═══ Entries provided ═══
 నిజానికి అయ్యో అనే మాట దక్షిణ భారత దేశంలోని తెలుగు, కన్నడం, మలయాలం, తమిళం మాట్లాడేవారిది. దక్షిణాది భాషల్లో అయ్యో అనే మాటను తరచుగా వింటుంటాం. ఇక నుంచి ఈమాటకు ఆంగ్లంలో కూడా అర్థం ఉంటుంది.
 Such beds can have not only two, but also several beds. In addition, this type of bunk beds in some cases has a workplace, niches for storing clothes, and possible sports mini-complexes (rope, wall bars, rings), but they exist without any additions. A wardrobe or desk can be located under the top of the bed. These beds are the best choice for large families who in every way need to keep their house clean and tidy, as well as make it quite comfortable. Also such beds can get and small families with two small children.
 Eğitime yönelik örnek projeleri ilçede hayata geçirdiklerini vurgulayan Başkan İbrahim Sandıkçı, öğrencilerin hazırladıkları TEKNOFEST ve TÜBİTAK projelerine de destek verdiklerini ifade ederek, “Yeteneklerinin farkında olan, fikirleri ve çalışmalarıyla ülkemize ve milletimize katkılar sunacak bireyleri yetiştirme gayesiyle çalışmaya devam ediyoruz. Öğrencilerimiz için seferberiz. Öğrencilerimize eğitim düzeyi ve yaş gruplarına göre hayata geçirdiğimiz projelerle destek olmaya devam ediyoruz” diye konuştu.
═══
═══ Entries provided ═══
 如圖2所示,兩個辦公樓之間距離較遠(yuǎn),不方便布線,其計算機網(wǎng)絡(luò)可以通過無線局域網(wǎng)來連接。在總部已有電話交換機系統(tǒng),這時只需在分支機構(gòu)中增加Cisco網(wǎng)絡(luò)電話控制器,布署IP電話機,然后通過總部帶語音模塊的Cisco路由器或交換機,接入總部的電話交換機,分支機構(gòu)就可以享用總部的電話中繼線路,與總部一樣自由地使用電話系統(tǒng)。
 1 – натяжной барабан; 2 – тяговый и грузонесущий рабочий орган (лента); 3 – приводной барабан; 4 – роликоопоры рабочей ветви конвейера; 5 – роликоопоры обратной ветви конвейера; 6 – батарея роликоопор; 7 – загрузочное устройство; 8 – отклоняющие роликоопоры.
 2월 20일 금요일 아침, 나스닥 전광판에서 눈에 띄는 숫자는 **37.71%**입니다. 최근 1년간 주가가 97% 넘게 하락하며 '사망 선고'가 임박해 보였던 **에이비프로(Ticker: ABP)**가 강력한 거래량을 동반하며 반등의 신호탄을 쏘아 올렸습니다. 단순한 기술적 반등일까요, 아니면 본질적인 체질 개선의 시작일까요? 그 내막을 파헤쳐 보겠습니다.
═══
═══ Entries provided ═══
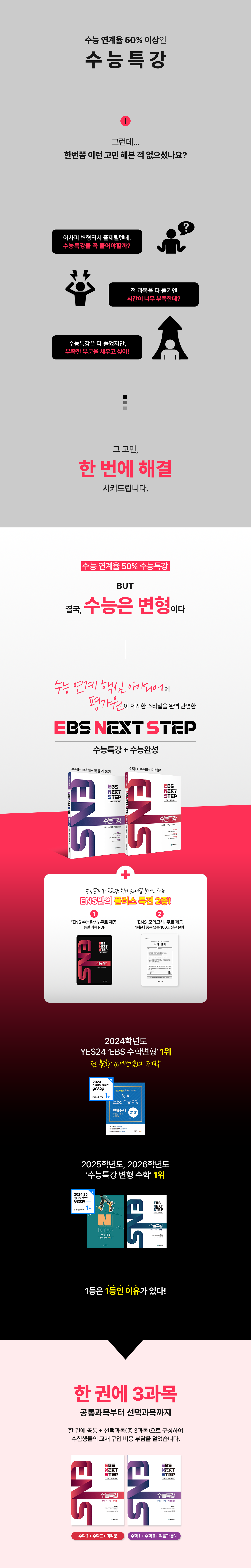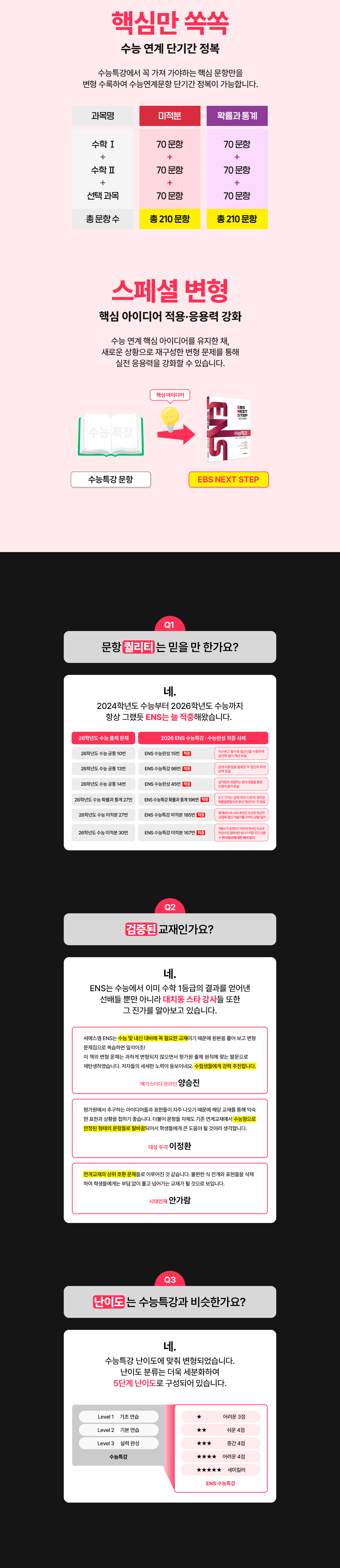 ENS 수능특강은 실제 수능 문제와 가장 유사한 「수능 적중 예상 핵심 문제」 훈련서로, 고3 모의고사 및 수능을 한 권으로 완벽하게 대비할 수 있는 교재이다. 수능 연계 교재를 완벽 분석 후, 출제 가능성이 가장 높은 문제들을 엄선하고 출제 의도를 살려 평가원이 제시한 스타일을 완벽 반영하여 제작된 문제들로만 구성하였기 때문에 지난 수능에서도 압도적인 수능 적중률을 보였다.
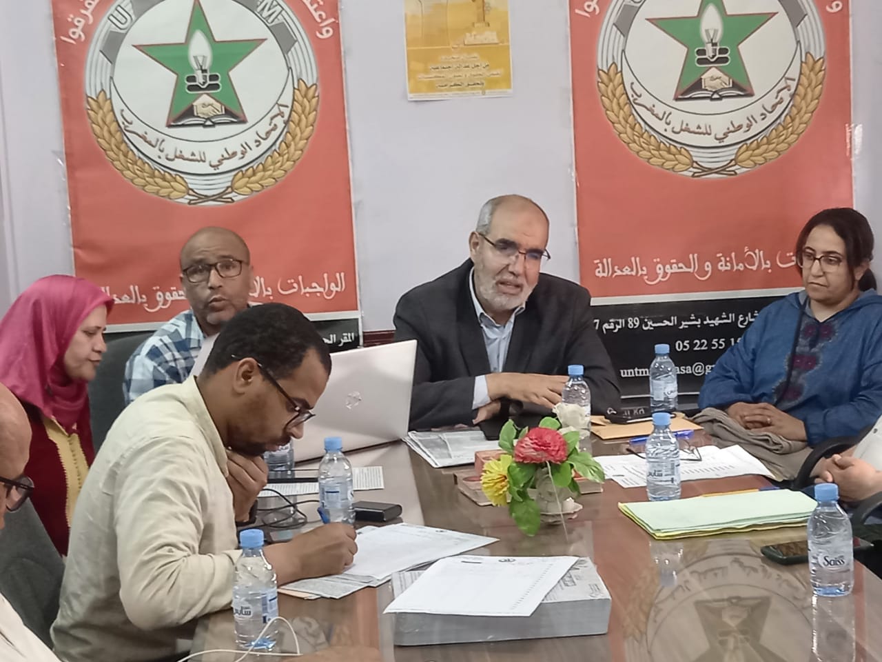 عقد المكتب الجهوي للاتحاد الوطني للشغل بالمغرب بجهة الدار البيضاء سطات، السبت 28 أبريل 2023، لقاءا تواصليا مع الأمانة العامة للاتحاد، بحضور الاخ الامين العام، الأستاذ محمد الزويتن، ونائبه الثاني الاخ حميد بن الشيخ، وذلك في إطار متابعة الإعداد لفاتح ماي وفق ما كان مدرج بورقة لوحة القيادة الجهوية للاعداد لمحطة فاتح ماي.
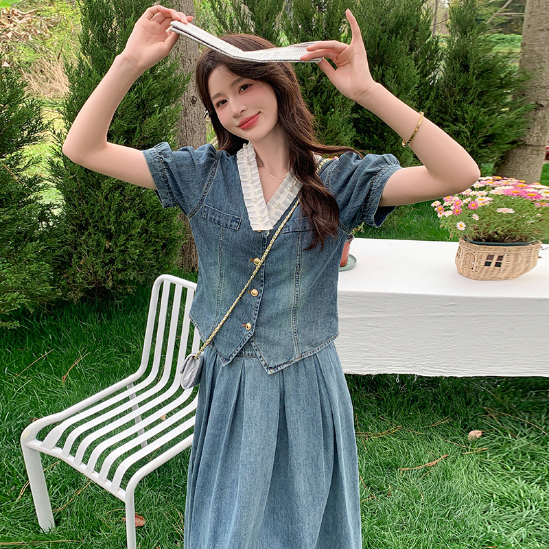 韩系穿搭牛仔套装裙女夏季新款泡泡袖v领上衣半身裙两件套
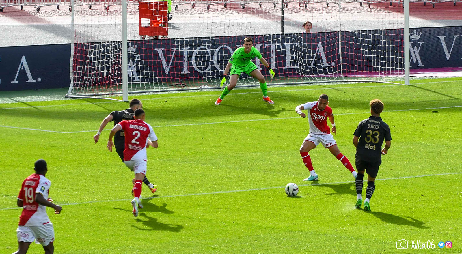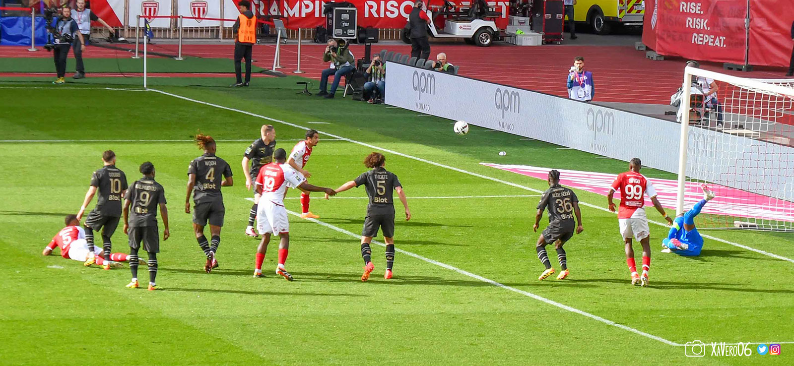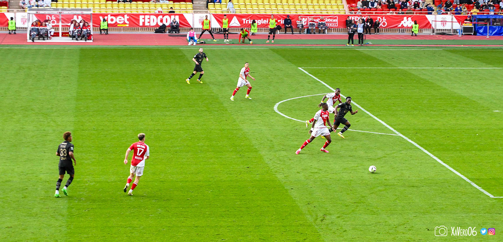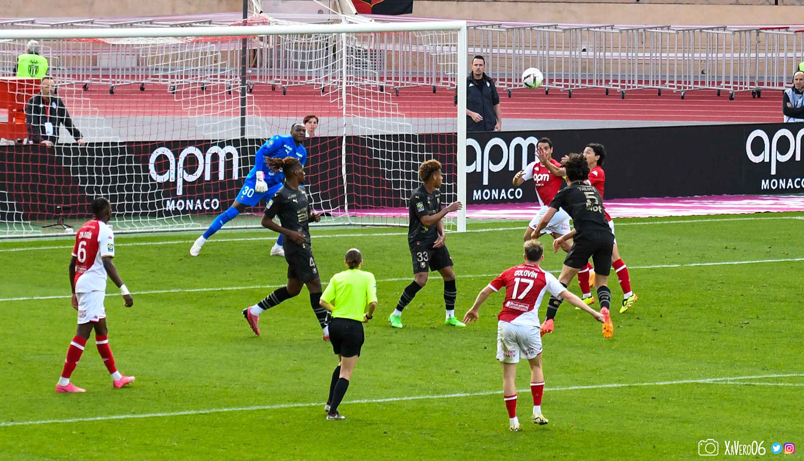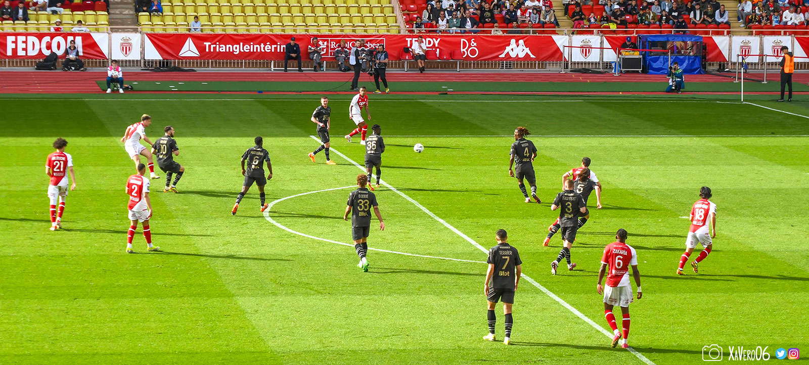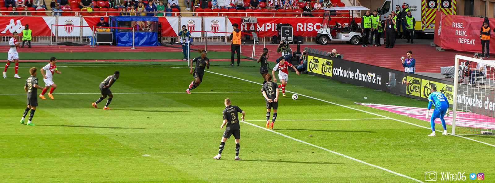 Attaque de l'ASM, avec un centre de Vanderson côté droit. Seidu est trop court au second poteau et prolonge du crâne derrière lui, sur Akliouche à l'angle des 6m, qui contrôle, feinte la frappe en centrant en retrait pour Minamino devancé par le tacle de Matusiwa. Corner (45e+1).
═══
**Work request**
Using the data above, print only the lines starting at the one with "韩系穿搭牛仔套装裙女夏季新款泡泡袖v领上衣半身裙两件套" and ending at the one with "Attaque de l'ASM, avec", exactly as they stand, minus the pictures.

**Response below**
 韩系穿搭牛仔套装裙女夏季新款泡泡袖v领上衣半身裙两件套
 Attaque de l'ASM, avec un centre de Vanderson côté droit. Seidu est trop court au second poteau et prolonge du crâne derrière lui, sur Akliouche à l'angle des 6m, qui contrôle, feinte la frappe en centrant en retrait pour Minamino devancé par le tacle de Matusiwa. Corner (45e+1).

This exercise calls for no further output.